A number of computational methods have been developed to estimate potential evapotranspiration (ETo) from climatic data. These methods vary in complexity from models that require only basic information, such as maximum and minimum air temperature (Hargreaves, 1974), to complex models that estimate ETo through energy balance models, such as the Penman-Montieth method (Allen et al., 1998). The advantage of simple models is their use in regions of minimal available weather data. Their major disadvantage is that these may not reflect the effects of localized climatic and geographic variations such as narrow valleys, presence of high ground elevations, extreme latitudes or strong winds. Also, simple methods are usually best suited to weekly or monthly ETo estimates and are less suited to daily estimates.
In recent years there have been several attempts to estimate and forecast ETo with a higher degree of accuracy and over extended futures. Some of them involve numerical and statistical approaches that attempt to accurately simulate the random nature of the meteorological variables (Yamashita and Walker, 1994). The occurrence of difficulties related with these attempts forced researchers to look for other techniques using data-driven tools or statistical learning machines, such as Artificial Neural Networks (Kumar et al., 2002, Smith et al., 2006, Lai et al., 2004), Simple Bayes Classifier and k-Nearest Neighbors (Verdes et al., 2000), Support Vector Machines and Relevance Vector Machines (Gill et al., 2006). These newer approaches have been used primarily to forecast hourly ETo values up to 24 h in advance. Forecasting of daily ETo for 1 to K days ahead in time using data-driven tools have not been reported, even though these methods are known for having excellent modeling accuracy, particularly in representing complex nonlinear behavior (Lai et al., 2004).

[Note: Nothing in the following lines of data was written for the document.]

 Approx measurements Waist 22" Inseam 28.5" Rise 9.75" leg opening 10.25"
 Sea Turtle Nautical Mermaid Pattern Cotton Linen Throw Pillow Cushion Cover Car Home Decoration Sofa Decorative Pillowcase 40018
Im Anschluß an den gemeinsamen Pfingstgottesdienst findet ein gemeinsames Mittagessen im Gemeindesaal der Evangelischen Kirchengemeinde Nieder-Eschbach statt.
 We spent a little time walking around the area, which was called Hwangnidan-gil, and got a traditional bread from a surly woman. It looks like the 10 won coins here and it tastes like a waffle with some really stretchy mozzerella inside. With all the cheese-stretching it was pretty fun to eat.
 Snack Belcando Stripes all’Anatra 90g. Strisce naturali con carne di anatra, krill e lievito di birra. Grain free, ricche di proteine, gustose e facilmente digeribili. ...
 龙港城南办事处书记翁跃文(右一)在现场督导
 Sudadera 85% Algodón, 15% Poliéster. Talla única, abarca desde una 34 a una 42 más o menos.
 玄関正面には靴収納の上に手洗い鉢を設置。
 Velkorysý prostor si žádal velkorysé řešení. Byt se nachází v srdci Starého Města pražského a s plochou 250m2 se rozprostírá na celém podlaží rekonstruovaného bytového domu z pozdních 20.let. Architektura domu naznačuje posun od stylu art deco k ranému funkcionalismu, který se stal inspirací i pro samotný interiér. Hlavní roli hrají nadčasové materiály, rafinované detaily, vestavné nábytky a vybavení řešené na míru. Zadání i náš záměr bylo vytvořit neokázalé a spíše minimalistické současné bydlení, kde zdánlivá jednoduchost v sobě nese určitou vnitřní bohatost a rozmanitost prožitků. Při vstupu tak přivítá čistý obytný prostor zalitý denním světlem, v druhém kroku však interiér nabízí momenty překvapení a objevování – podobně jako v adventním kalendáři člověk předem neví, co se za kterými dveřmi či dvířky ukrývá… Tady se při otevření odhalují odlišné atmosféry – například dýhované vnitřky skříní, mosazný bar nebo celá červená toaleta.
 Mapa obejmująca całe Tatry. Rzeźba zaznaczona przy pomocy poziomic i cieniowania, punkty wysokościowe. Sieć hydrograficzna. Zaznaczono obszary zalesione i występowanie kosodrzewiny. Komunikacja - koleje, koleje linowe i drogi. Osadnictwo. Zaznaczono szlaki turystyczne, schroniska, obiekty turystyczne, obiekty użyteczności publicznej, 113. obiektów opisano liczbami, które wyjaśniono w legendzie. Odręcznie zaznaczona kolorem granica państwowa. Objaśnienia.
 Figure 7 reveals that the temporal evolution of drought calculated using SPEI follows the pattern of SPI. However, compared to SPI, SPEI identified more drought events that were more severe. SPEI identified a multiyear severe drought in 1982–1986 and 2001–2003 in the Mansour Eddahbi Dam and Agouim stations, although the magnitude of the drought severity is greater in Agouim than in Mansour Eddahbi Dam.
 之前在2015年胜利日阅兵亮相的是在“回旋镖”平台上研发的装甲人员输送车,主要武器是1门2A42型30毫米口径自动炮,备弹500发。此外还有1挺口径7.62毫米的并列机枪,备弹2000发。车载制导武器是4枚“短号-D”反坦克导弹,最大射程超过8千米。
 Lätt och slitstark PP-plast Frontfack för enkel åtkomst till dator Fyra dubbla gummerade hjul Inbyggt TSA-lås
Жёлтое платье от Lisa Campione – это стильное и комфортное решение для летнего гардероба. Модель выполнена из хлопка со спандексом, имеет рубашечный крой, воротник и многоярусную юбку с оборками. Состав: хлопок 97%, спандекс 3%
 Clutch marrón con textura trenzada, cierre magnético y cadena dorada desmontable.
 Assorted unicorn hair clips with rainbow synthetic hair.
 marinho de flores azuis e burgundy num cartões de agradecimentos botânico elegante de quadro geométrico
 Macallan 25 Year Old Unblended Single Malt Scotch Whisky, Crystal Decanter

The objective of this paper is to demonstrate the adequacy of two different approaches for forecasting daily ETo using statistical learning machines and limited climatic information. The learning machine algorithm used is the Multivariate Relevance Vector Machine (MVRVM). The potential crop evapotranspiration (ETo) is estimated by the 1985 Hargreaves Equation. These results are then compared with crop ET values of the area under study to determine the accuracy of the forecasted estimates obtained. Also, for comparison and benchmarking analysis, another learning machine was tested, the Multi-layer Perceptron, to determine the suitability of the proposed forecasting schemes.
The potential or reference evapotranspiration (ETo) expresses the evaporating power of the atmosphere at a specific location and time of the year and does not consider the crop characteristics and soil factors. As it is mentioned by Allen et al. (1998), the only factors affecting ETo are climatic parameters. Consequently, ETo is a climatic parameter and can be computed from weather data. Among the several methods to estimate ETo, the FAO Penman–Monteith method is recommended as the sole method for determining ETo. This method has been selected because it closely approximates grass ETo at the location evaluated, is physically based, and explicitly incorporates both physiological and aerodynamic parameters.
Situations might occur where data for some weather variables are missing. The use of an alternative ETo calculation procedure, requiring only limited meteorological parameters, should generally be avoided. It is recommended that one calculate ETo using the standard FAO Penman–Monteith method after resolving the specific problem of the missing data (Allen et al., 1998). Despite of this, with limited climatic data as Net Radiation not available, Allen et al. (1998) suggest the Hargreaves ETo equation for its use, specially for water management purposes.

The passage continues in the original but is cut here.